A terminus a quo of 278 BCE is then established based on
the Pentateuch's utilizing Berossus (278 BCE), Manetho (ca. 285 BCE) and likely
Cleitarchus (ca. 275 BCE), as well as displaying knowledge of the organization
of the Seleucid and Ptolemaic realms of 278 BCE or later. This hard evidence
deductively establishes a date range of composition of 278-269 BCE for the
Pentateuch.
Within that date range, additional date evidence of an inductive type is also
developed. The Curse of Canaan is argued to have reflected conditions at the end
of the First Syrian War, ca. 273-272 BCE.
Geographical references in the
Exodus account that appear to display knowledge of the Ptolemaic water lock
put in place in ca. 273-272 BCE also point to the same date. These inductive
arguments are the basis for the proposed more precise dating of 273-272 BCE for
the Pentateuch's composition, but it must be emphasized that the deductive
terminus a quo and ad quem arguments pointing to 278-269 BCE are central to
this book, while the inductive arguments are supplemental and secondary.
An important benefit of dating texts by means of literary dependencies is the
generation of additional data relevant to establishing textual provenance. The
identification of specific texts influential on the formation of the Pentateuch
(notably Berossus and Manetho) unexpectedly points to an intellectual (if not
necessarily strictly geographical) provenance of Alexandria, and documents the
exact means by which Jews were exposed to Greek and Mesopotamian histori-
ography and Mesopotamian cuneiform traditions by way of the Alexandrian
Library.
Date, language and locale favor identifying the authors of the Pentateuch
with the Septuagint scholars who were present at Alexandria at the requi-
site time, knew both Greek and Hebrew, were said to have been knowledgeable
in Greek literature, and had access to the Great Library where the Greek literary
texts antecedent to the Pentateuch were housed.

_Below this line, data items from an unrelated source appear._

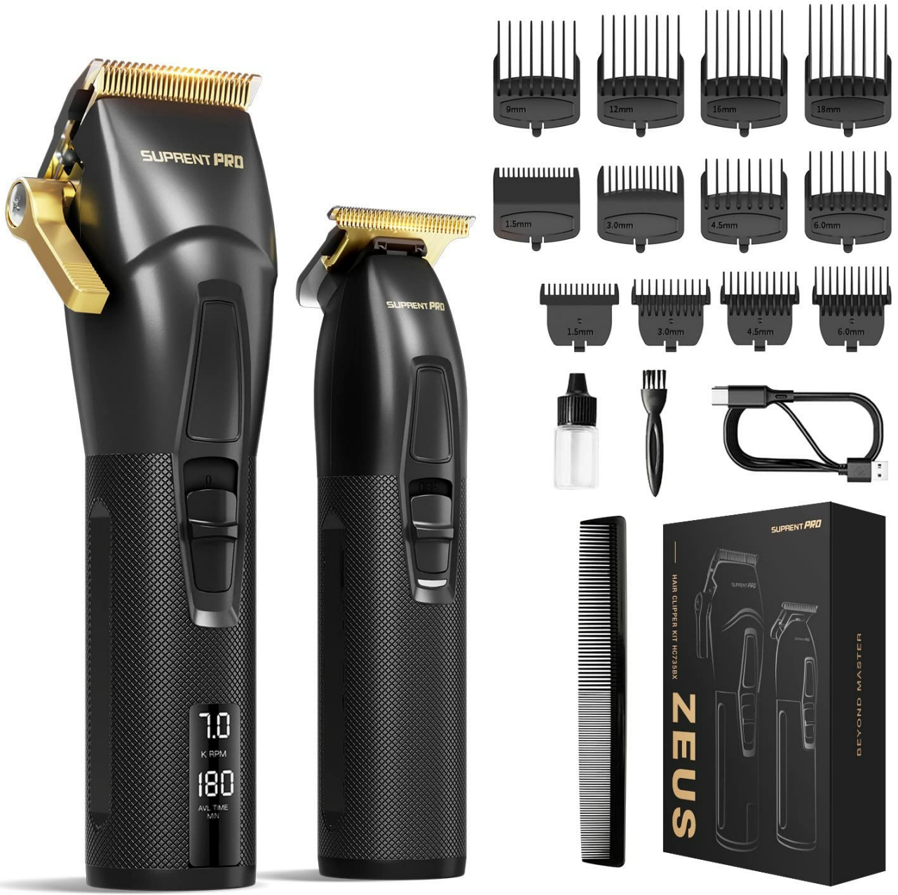
Figure 1: Complete set of SUPRENT PRO Professional Hair Clippers and T-Blade Trimmer, including various guide combs, cleaning brush, oil, and USB-C charging cable.
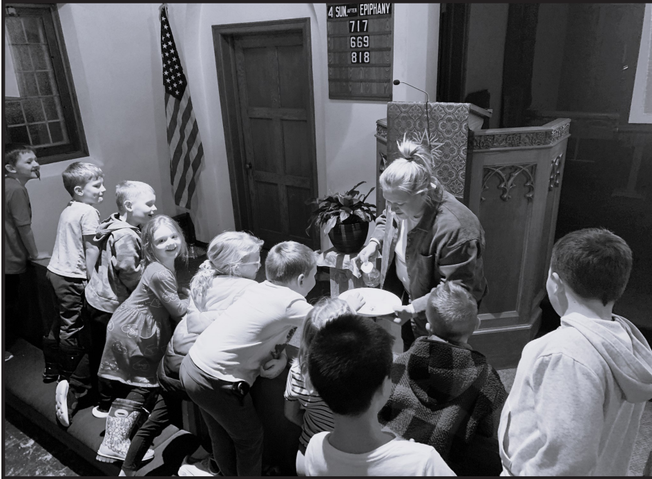
Wednesday school children taking part in activities to learn more about their faith.
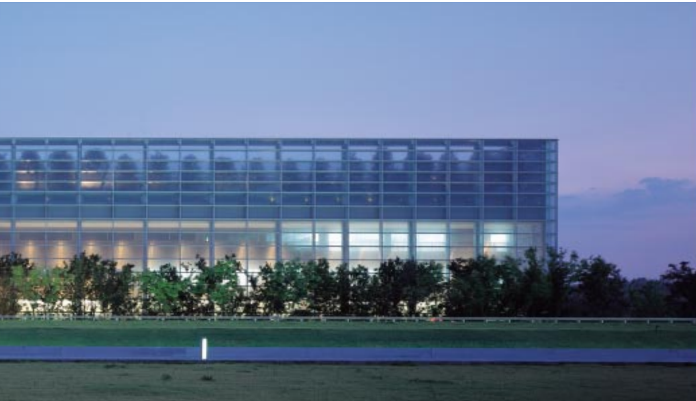
The Kansai-kan of the National Diet Library, Kyoto
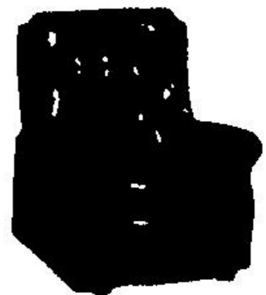
Model 620 WH 3 position Recliner
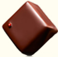
Singapore Breakfast Tea & Hazelnut
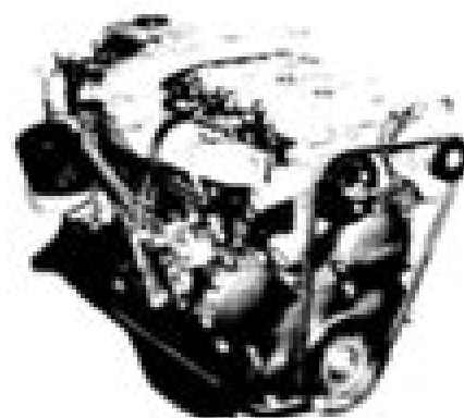
11Z Engine Exterior Views
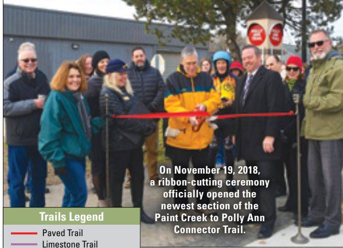
On November 19, 2018, a ribbon-cutting ceremony officially opened the newest section of the Paint Creek to Polly Ann Connector Trail.

The 16.9-mile Polly Ann Trail takes you on a ride through rural northern Oakland County from Orion Township Park to the Lapeer County line. The trail was built on the abandoned Pontiac, Oxford & Northern Railroad that originally ran from Pontiac to Caseville. The trail's name comes from the dubious nickname for
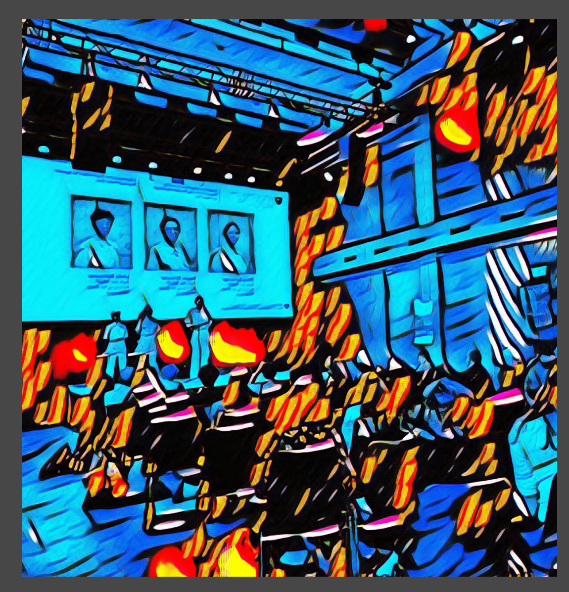
Picture: Drawing based on a photo of the KOFF peace conference in September 2022 Text by Dorothea Schiewer, KOFF/swisspeace and Olivia Schneider, Politesse Publique
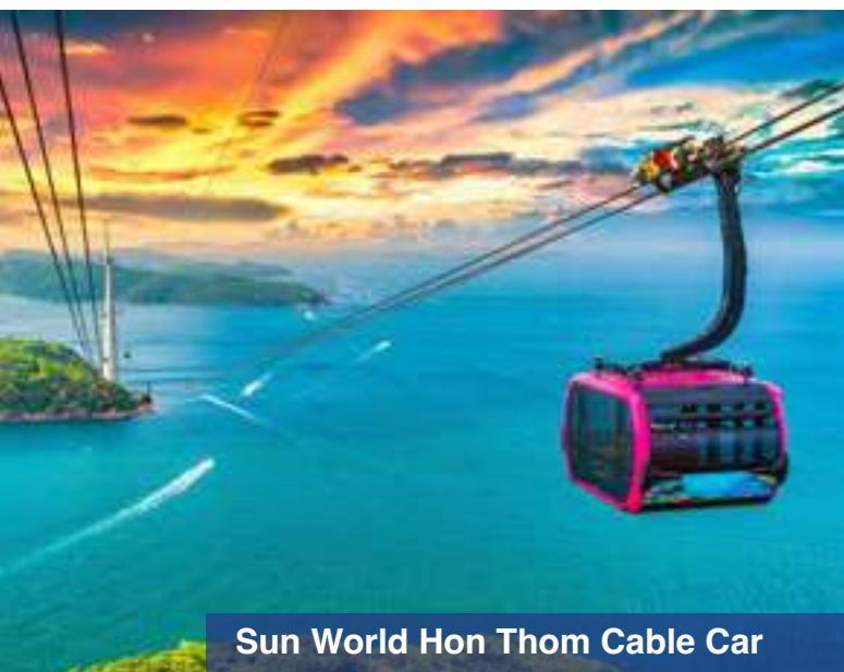
Sun World Hon Thom Cable Car
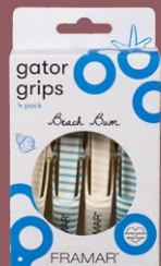
beach bum gator grips
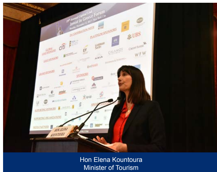
Hon Elena Kountoura Minister of Tourism
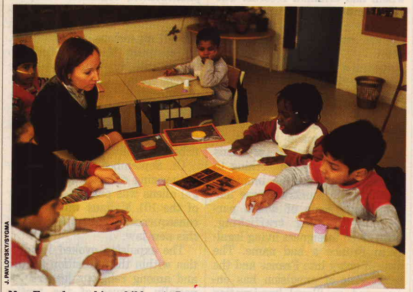
Non-French-speaking children in Paris are given an orientation to life in France.

These figures need clarification. First of all, figures are presented for the number of foreigners, that is, persons not having
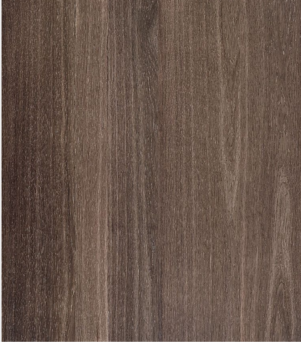
OAK SILVER - VFL D451
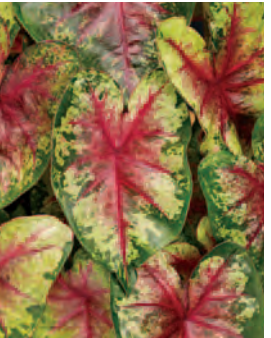
HEART TO HEART® 'Flatter Me' Caladium hortulanum USPP27946
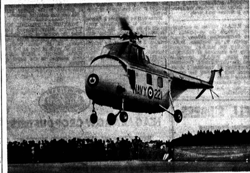
Helicopter Shows Off Manoeuverability One of the many aircraft that thrilled the crowd at Saturday's Centennial Aviation Show was the Sikorsky S-55 helicopter, which displayed to the huge crowd the capabilities of this Royal Canadian Navy aircraft.

By Sidney Welland MOSCOW (Reuters) — A new jet transport plane, a huge twin-engine helicopter and two new types of jet fighters were shown Sunday as Russia paraded her might of the jet era in the annual air display at Tushino airport near Moscow. Western observers, noting the appearance of many intercontinental turbo-prop and jet multi-engine bombers, said this indicates a rapid development in Soviet long-range striking power. Russia's air chief marshal, P. F. Zhigarev, opened the display and said the Soviet Union has first-class modern aircraft capable of flying long distances at high speeds and in unfavorable weather conditions. The display was capped by a surprise flypast of Russia's new (Continued on page 2 col. 4)
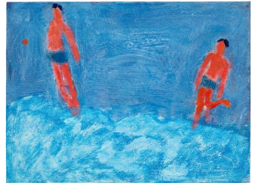
Katherine Bradford Wader Boys , 2016 Estimate: £3,000 - 5,000

HEATWAVE crosses multiple genres and medias, including works of design from the collection of Terry Ellis and Keiko Kitamura. Buyers for Tokyo-based label BEAMS fennica, Ellis and Kitamura have established a curated collection fusing mid-century modernism and classic Scandinavian design with traditional Japanese folk craft. A leading example is a Prototype cabinet by Yanagi, produced for the Saison exhibition.
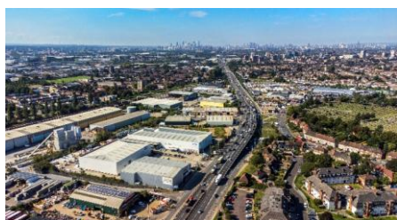
Mileway - Pan-European

Your capital is at risk and you may lose some or all of your investment. There can be no assurance that the Fund will achieve its objectives, pursue any particular theme or avoid substantial losses. Past performance does not predict future returns. The use of leverage or borrowings magnifies investment, market, and certain other risks and may have a significant impact on returns, resulting in the partial or total loss of capital invested. Dividends are at BEPIF SICAV's Board of Directors' discretion and are not guaranteed. The below investments are not representative of all investments of a given type or of investments generally.
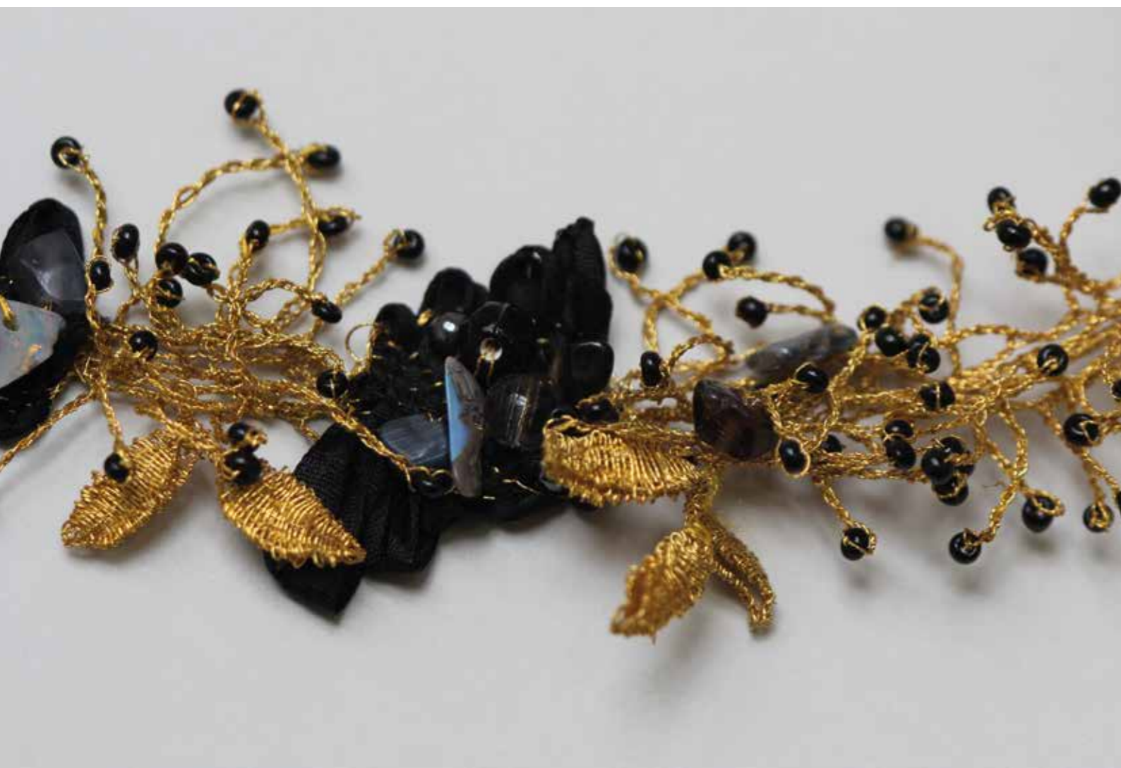
Image 4 (below): Bobbin lace necklace in pure gold thread, Denise Watts
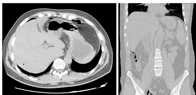
Figure 2. Disappearance of the subdiaphragmatic pneumoperitoneum between the 1st scan of the right vs left (D+2).
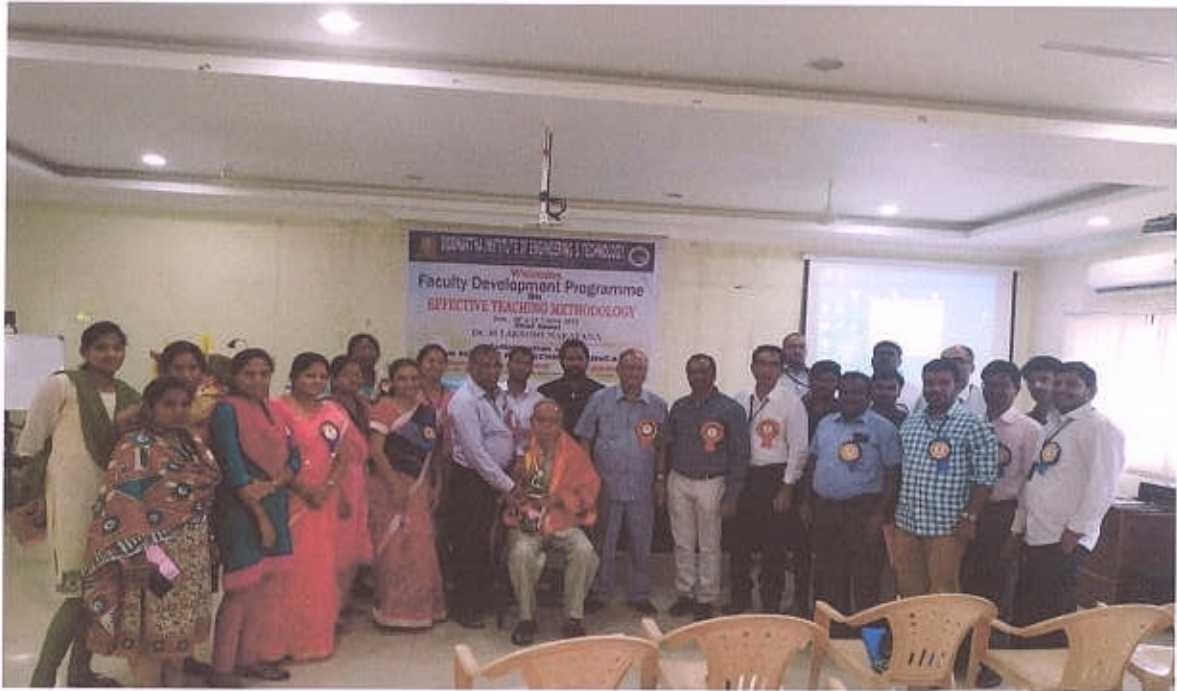
Faculty Development Program on Effective teaching Methodology chief guest felicitation

The identification of the date,
locale and authors of the Pentateuch, carefully established step by step, provides
for the first time a rigorous logical foundation for drawing substantial historical
conclusions regarding the circumstances under which the Pentateuch and other
biblical materials were composed. It must be emphasized that these historical
conclusions rise or fall on the strength of the supporting arguments and in no
way guided the preliminary research on date and provenance this book presents.
Conclusions regarding the official Ptolemaic patronage of the authors of the
Pentateuch and later biblical literature arose organically out of the earlier
inquiries first into date and then into provenance: the impact of Alexandrian
scholarship on the composition of the Hebrew Bible came as much as a surprise
to this author as it may to many of his readers.